__WHAT IS NEEDED__:
The pictures are to be omitted when the entries are reproduced exactly.
■ ■ ■ ■ ■ ■ ■
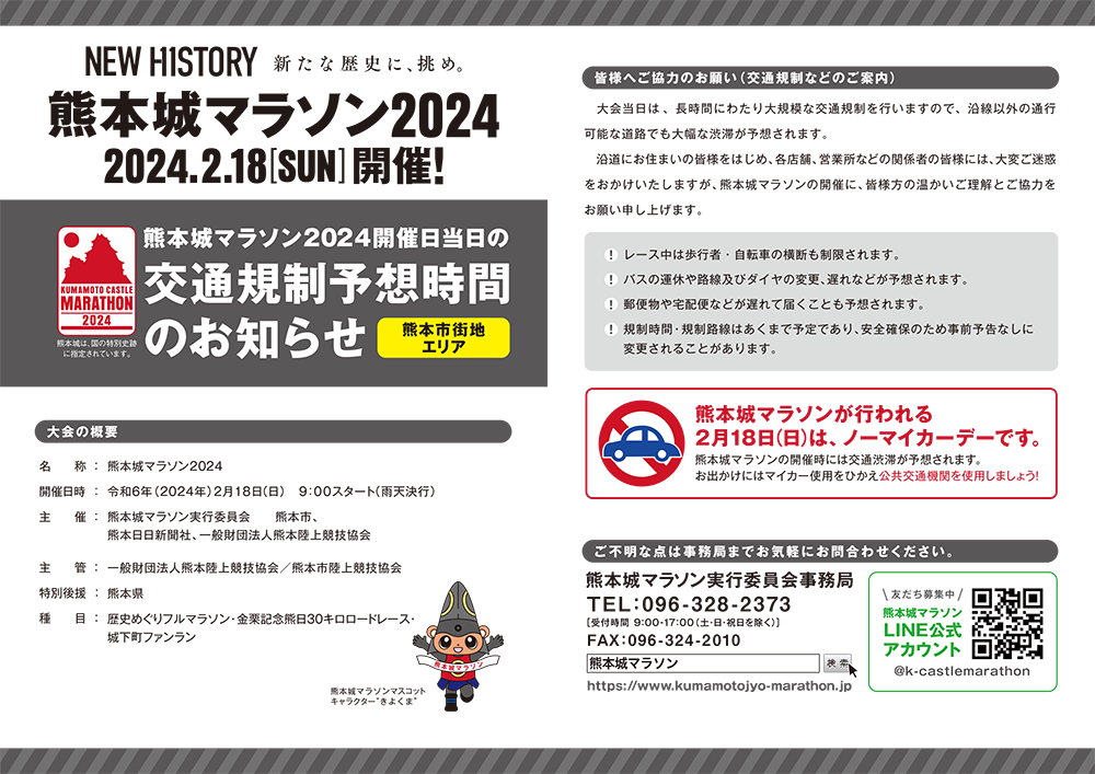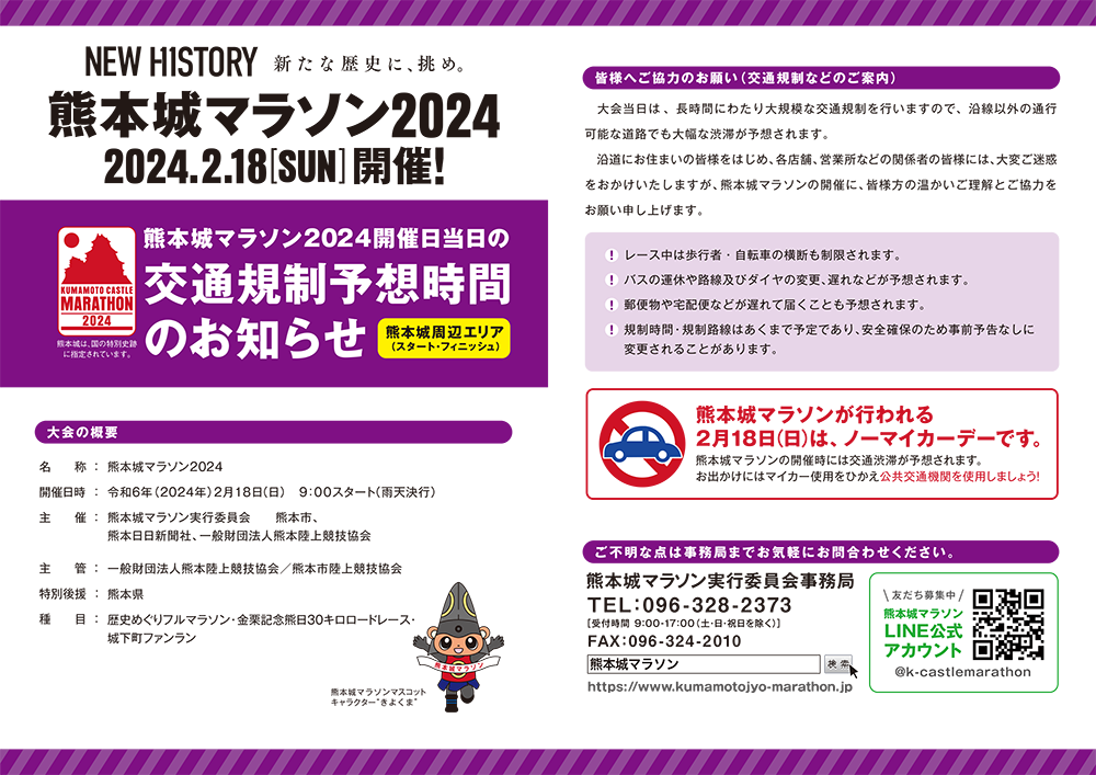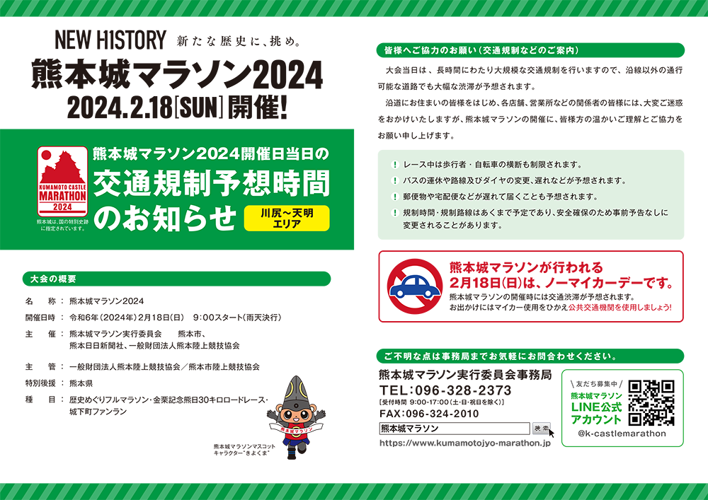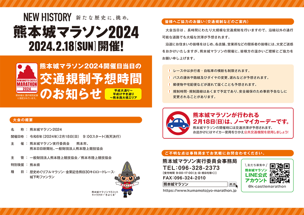 熊本城マラソン2024 開催日当日の交通規制予想時間のお知らせ
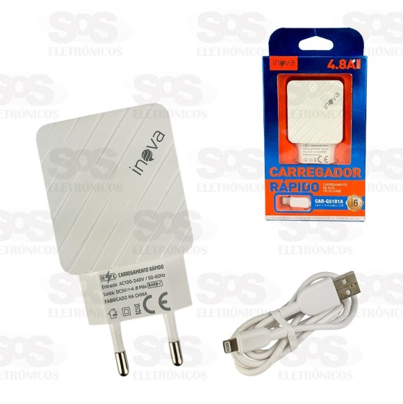 Carregador Rápido 2 USB 4.8A Cabo Iphone Inova CAR-G5181A
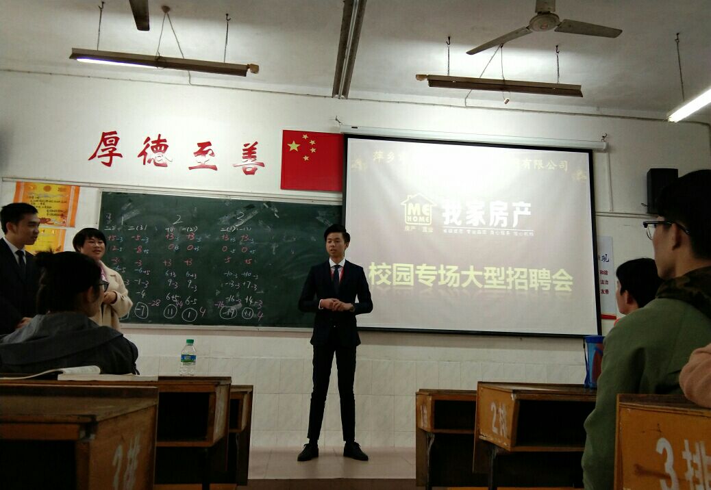 2018年11月13日上午11:00萍乡市我家房产到公司进行校园招聘宣讲会,本次宣讲会在1114教室举行。
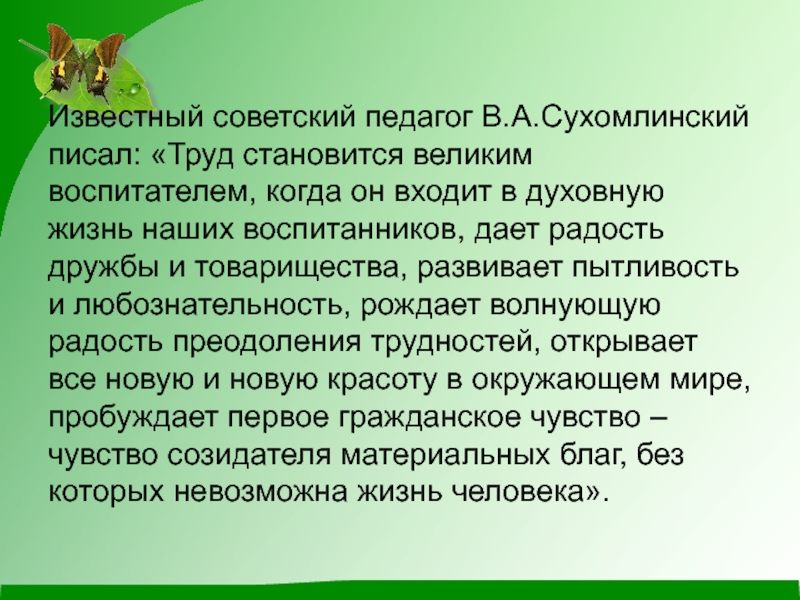 Слайд 2Известный советский педагог В.А.Сухомлинский писал: «Труд становится великим воспитателем, когда он
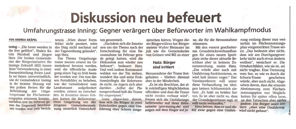 für die BIZ (Bürgerinitiative für Innings Zukunft)
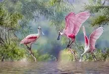 琵鹭,为6种长腿涉禽的统称。主要以虾、蟹、水生昆虫、昆虫幼虫、蠕虫、甲壳类、软体动物、蛙、蝌蚪、蜥蜴、小鱼等小型脊椎动物和无脊椎动物为食,偶尔也吃少量植物性食物。…全部>>
■ ■ ■ ■ ■ ■ ■
__EXERCISE SOLUTION__:
 熊本城マラソン2024 開催日当日の交通規制予想時間のお知らせ
 Carregador Rápido 2 USB 4.8A Cabo Iphone Inova CAR-G5181A
 2018年11月13日上午11:00萍乡市我家房产到公司进行校园招聘宣讲会,本次宣讲会在1114教室举行。
 Слайд 2Известный советский педагог В.А.Сухомлинский писал: «Труд становится великим воспитателем, когда он
 für die BIZ (Bürgerinitiative für Innings Zukunft)
 琵鹭,为6种长腿涉禽的统称。主要以虾、蟹、水生昆虫、昆虫幼虫、蠕虫、甲壳类、软体动物、蛙、蝌蚪、蜥蜴、小鱼等小型脊椎动物和无脊椎动物为食,偶尔也吃少量植物性食物。…全部>>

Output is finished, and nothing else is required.